The implementation of AI and automation in the pharmaceutical sector has far-reaching implications for quality assurance, drug pricing, and accessibility:

·  Quality Assurance (QA): AI-powered predictive analytics can significantly enhance QA by predicting potential defects in drug manufacturing processes and ensuring consistency in production. Machine learning algorithms can analyse large datasets to detect anomalies in real time, reducing the risk of human error and ensuring that only high-quality products reach the market.

·  Drug pricing: Automation in production processes can lower manufacturing costs by increasing efficiency and reducing waste. AI algorithms can optimise supply chains, manage inventories, and predict demand, all of which contribute to cost reductions. These savings can be passed on to consumers, potentially lowering drug prices and making essential medications more affordable.

·  Accessibility: AI can play a transformative role in increasing the accessibility of drugs, especially in developing countries. By optimising distribution networks and predicting the demand for specific drugs in various regions, AI systems can ensure that medications reach underserved areas more effectively. Additionally, AI can aid in developing personalised treatment plans, improving patient outcomes and healthcare delivery in remote regions.

How do you view the balance between industry self-regulation and government oversight?

Balancing industry self-regulation with government oversight is crucial in driving AI adoption in pharma without stifling innovation. Here's a nuanced perspective:

·  Self-regulation: The pharmaceutical industry should proactively adopt ethical AI principles and best practices to guide its AI and automation initiatives. Creating industry-wide standards for AI model development, validation, data handling, and risk management can foster trust among stakeholders and accelerate regulatory approval processes. This proactive approach also positions companies as responsible innovators, leading the way in the ethical use of AI.

·  Government oversight: While self-regulation is essential, there must be a robust framework of government oversight to ensure patient safety, data integrity, and fair market practices. Regulatory bodies should focus on creating flexible, outcome-based guidelines that encourage innovation while setting clear boundaries to prevent misuse. Governments could also set up regulatory sandboxes for pharma companies to test AI solutions in controlled environments, allowing for faster iterations and refinement of their technologies.
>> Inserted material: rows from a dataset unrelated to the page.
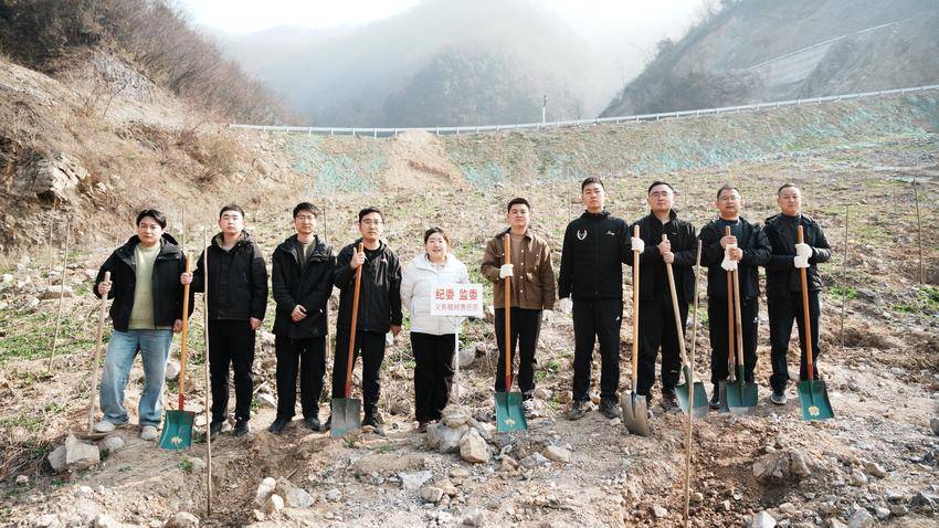 上午九时,植树现场已是一派热火朝天的景象。来自林区各机关单位的党员干部们三五成组,分工协作:挥锹铲土、扶正树苗、培土围堰、提水浇灌......每一个环节都有条不紊,每一道工序都细致入微。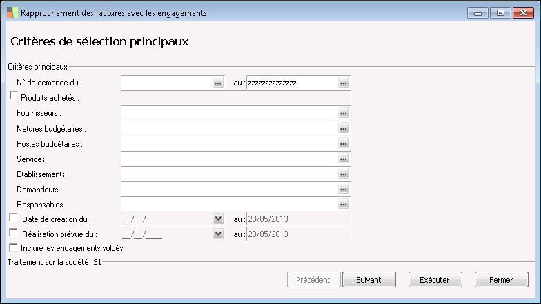 Cette fonction est accessible soit depuis la commande Etats des factures non rapprochées / Rapprocher des engagements du menu Engagement , soit depuis le menu contextuel des lignes de facture de la commande Saisie des factures ou Saisie des factures d'avoir dusous-menu Achat / Facturation .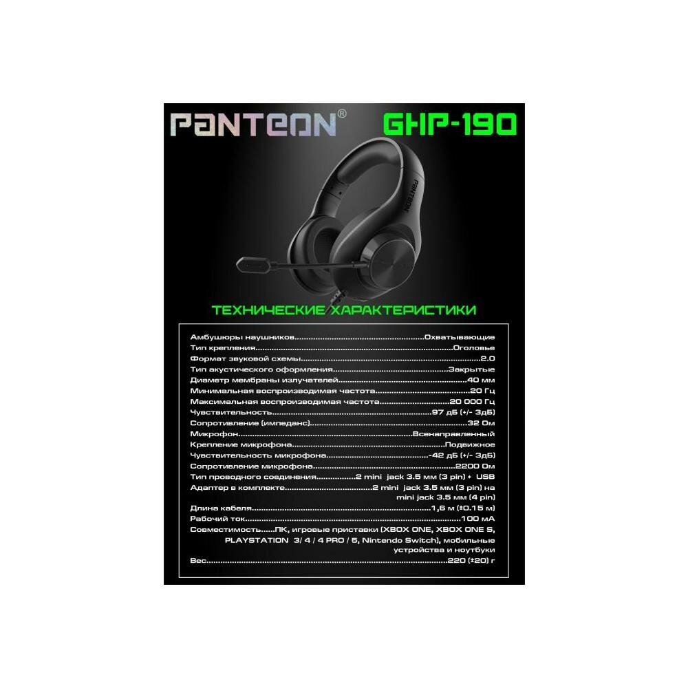 Игровые наушники С микрофоном PANTEON GHP-190 черные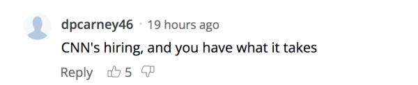 網(wǎng)友dpcarney46:CNN(美國有線電視新聞網(wǎng))正在招聘呢,你去太合適了。

The ideal scenario involves a collaborative approach where the industry works closely with regulators to co-create policies that balance innovation with compliance, ensuring that AI and automation drive positive health outcomes without compromising ethical standards.

What strategies do you recommend for addressing workforce displacement?
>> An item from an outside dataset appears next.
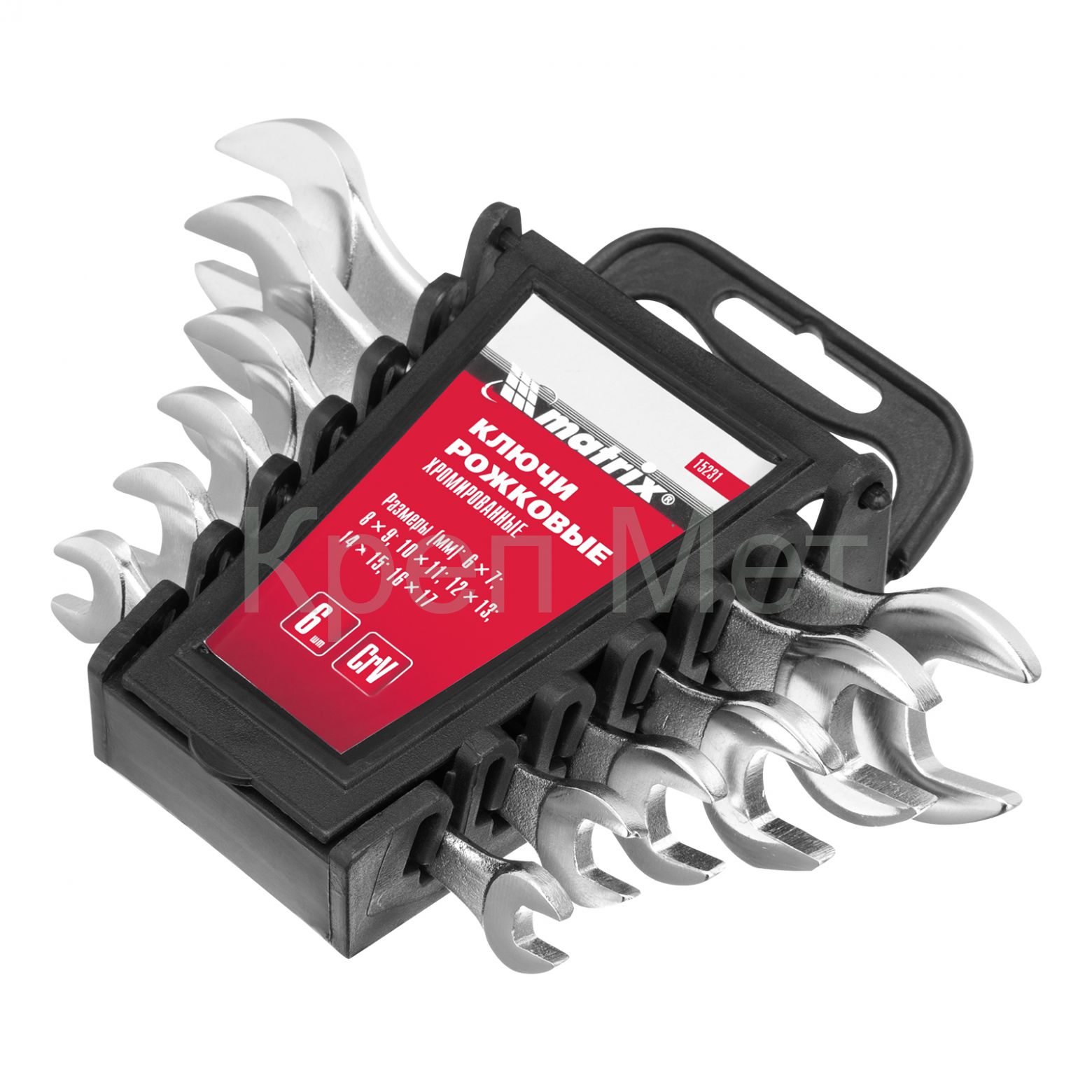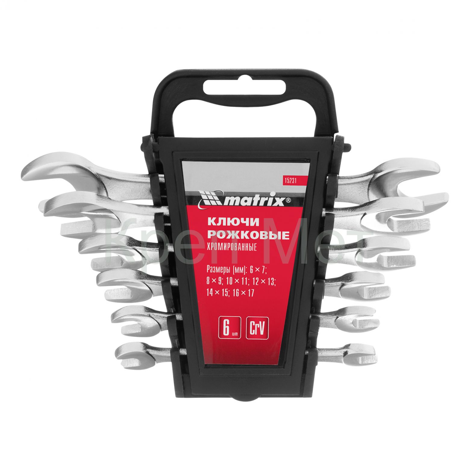 - Набор ключей рожковых, 6-17 мм, 6 шт, CrV, хромированные Matrix

Workforce displacement is a significant concern as automation and AI technologies become more pervasive in the pharma industry. The key to addressing this challenge lies in a combination of proactive workforce development and creating new job roles:

·  Reskilling and upskilling programs: Companies should invest in comprehensive training programs to help their workforce transition into roles that require more analytical and technical skills. Reskilling initiatives should focus on areas such as data science, AI model management, and digital operations in pharmaceutical settings. Government incentives for reskilling programs can further enhance these efforts.

·  Human-AI collaboration: Rather than replacing jobs, the focus should be on augmenting human capabilities with AI tools. For example, automating routine tasks in clinical trials or drug manufacturing allows professionals to focus on strategic decision-making, complex problem-solving, and innovation.

·  Creating new job roles: The rise of AI in the pharma industry will lead to new job roles that didn’t exist before, such as AI ethics officers, data governance specialists, and automation strategists. Companies should work with educational institutions to align curricula with industry needs, ensuring a steady supply of talent for these emerging roles.